Task description:
Once the pictures are set aside, repeat all of the data below exactly.

Dataset extract:
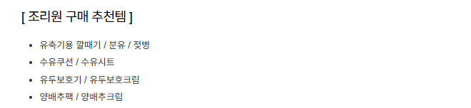 [ 조리원 구매 추천템 ]
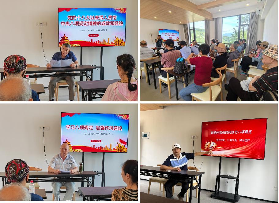 银发丹心有担当。为进一步营造学习氛围、强化学习成效,党总支书记、党支部书记分别以学习传达《党的十八大以来深入贯彻中央八项规定精神的成效和经验》《学习八项规定加强作风建设》《永葆本色 银发生辉》为主题讲授专题党课,以讲促学,引导离退休党员要坚持锤炼党性、提高思想觉悟,始终做到“离岗不离党、退休不褪色”。
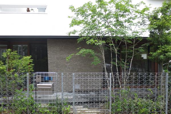 北側ファサード(竣工後)。竣工後はじめて迎えた初夏の様子です。樹々の緑が自然のスクリーンとなり、住人のプライバシーを確保しつつ、周囲に癒しを与えています。2〜3年後には格子状の立体フェンスもテイカカズラの緑で満たされる予定です。
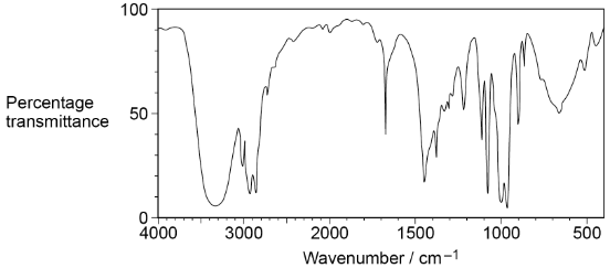 The infrared spectrum of an organic compound is shown.

Exercise response:
 [ 조리원 구매 추천템 ]
 银发丹心有担当。为进一步营造学习氛围、强化学习成效,党总支书记、党支部书记分别以学习传达《党的十八大以来深入贯彻中央八项规定精神的成效和经验》《学习八项规定加强作风建设》《永葆本色 银发生辉》为主题讲授专题党课,以讲促学,引导离退休党员要坚持锤炼党性、提高思想觉悟,始终做到“离岗不离党、退休不褪色”。
 北側ファサード(竣工後)。竣工後はじめて迎えた初夏の様子です。樹々の緑が自然のスクリーンとなり、住人のプライバシーを確保しつつ、周囲に癒しを与えています。2〜3年後には格子状の立体フェンスもテイカカズラの緑で満たされる予定です。
 The infrared spectrum of an organic compound is shown.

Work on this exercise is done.